In fact, right after Jesus tells his disciples to love one another, Peter tries to show his love for Jesus by an act of violence.
John 18:1-11
After saying these things, Jesus crossed the Kidron Valley with his disciples and entered a grove of olive trees. 2 Judas, the betrayer, knew this place, because Jesus had often gone there with his disciples. 3 The leading priests and Pharisees had given Judas a contingent of Roman soldiers and Temple guards to accompany him. Now with blazing torches, lanterns, and weapons, they arrived at the olive grove.
4 Jesus fully realized all that was going to happen to him, so he stepped forward to meet them. “Who are you looking for?” he asked.
5 “Jesus the Nazarene,”[a] they replied.
“I am he,”[b] Jesus said. (Judas, who betrayed him, was standing with them.) 6 As Jesus said “I am he,” they all drew back and fell to the ground! 7 Once more he asked them, “Who are you looking for?”
And again they replied, “Jesus the Nazarene.”
8 “I told you that I am he,” Jesus said. “And since I am the one you want, let these others go.” 9 He did this to fulfill his own statement: “I did not lose a single one of those you have given me.”[c]
10 Then Simon Peter drew a sword and slashed off the right ear of Malchus, the high priest’s slave. 11 But Jesus said to Peter, “Put your sword back into its sheath. Shall I not drink from the cup of suffering the Father has given me?
In Luke 22, we see an added dimension to this same story:
When Jesus’ followers saw what was going to happen, they said, “Lord, should we strike with our swords?” 50 And one of them struck the servant of the high priest, cutting off his right ear.

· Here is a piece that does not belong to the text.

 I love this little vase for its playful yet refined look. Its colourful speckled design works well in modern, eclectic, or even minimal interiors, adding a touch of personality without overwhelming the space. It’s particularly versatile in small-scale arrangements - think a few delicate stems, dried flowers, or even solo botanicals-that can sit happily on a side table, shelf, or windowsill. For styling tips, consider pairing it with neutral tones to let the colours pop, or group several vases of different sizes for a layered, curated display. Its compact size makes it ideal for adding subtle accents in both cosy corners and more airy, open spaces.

51 But Jesus answered, “No more of this!” And he touched the man’s ear and healed him.
Question 2 (Word Cloud)
What do you think Peter’s action was motivated by?

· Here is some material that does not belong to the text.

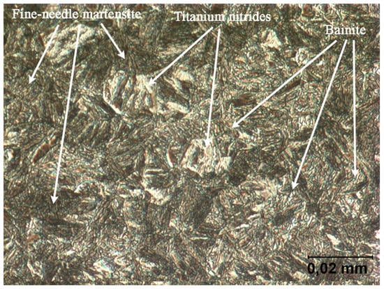 On the basis of microscopic observation, it was concluded that the ARMOX 500T structure consists of fine needle tempered martensite with a small amount of bainite (see Figure 2). Moreover, local precipitation of titanium nitrides was observed in the structure, the content of which is not included in the manufacturer specification.

So Peter was all ready to exact violence, even kill for Jesus. But interestingly, he wasn’t ready to die for Jesus. Immediately after this incident, we read that Jesus was seized and led away to the house of the high priest, and Peter was following at a distance. As Jesus had predicted earlier, when Peter was identified as someone who belonged to Jesus’ entourage, he vehemently denied even knowing Jesus – three times. Peter was ready to kill but he was not ready to die for Jesus.
Was it love that motivated his action? Or was it ego and false bravado?

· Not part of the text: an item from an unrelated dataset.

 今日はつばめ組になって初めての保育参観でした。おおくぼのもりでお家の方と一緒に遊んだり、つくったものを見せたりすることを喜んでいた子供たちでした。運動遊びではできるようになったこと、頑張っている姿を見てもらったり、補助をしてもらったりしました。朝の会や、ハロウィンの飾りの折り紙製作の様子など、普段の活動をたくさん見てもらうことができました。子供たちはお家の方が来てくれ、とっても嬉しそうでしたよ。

As far as we know, the healing of Malchus’ ear was the last miracle Jesus performed during his earthly ministry. What does this tell us about Jesus? Just before he goes to the cross, he pauses to reach out and help someone who is considered the enemy! This man was part of a group that was antagonistic toward Jesus. But Jesus didn’t say, “Finally, one of you got what you deserve!”
Instead, he reached out to the man in his need, touched him, and supernaturally healed him. Interestingly, the high priest who is a Sadducee, was vehemently opposed to Jesus’ supernatural ministry. Yet it was the high priest’s own servant who received a supernatural touch from Jesus!
What a contrast Jesus’ actions were to Peter’s behavior! Perhaps Peter acted out of ego and toxic masculinity, but in contrast Jesus demonstrated what true love and genuine care really looks like, even to those who were instrumental in capturing him and leading him to his crucifixion. Remember what Jesus said about love?
“Greater love has no one than this: to lay down one’s life for one’s friends.” (John 15:13)
Love does not lead one to kill or to exact violence. We cannot justify violence with love.
True love is being willing to lay down one’s life, if necessary.
“Love one another as I have loved you.” That’s what Jesus is pruning us for — Love.
And in order for us to truly be able to love, Jesus needs to prune away violence.
This past week, people all over the world were making all kinds of comments about the incident where Will Smith slapped Chris Rock during the Academy Awards. I’m not here to add to the many comments and opinions about Will Smith’s actions. I just want to make a point that beyond Will Smith, we live in a world and culture that not only accepts violence, we glorify it.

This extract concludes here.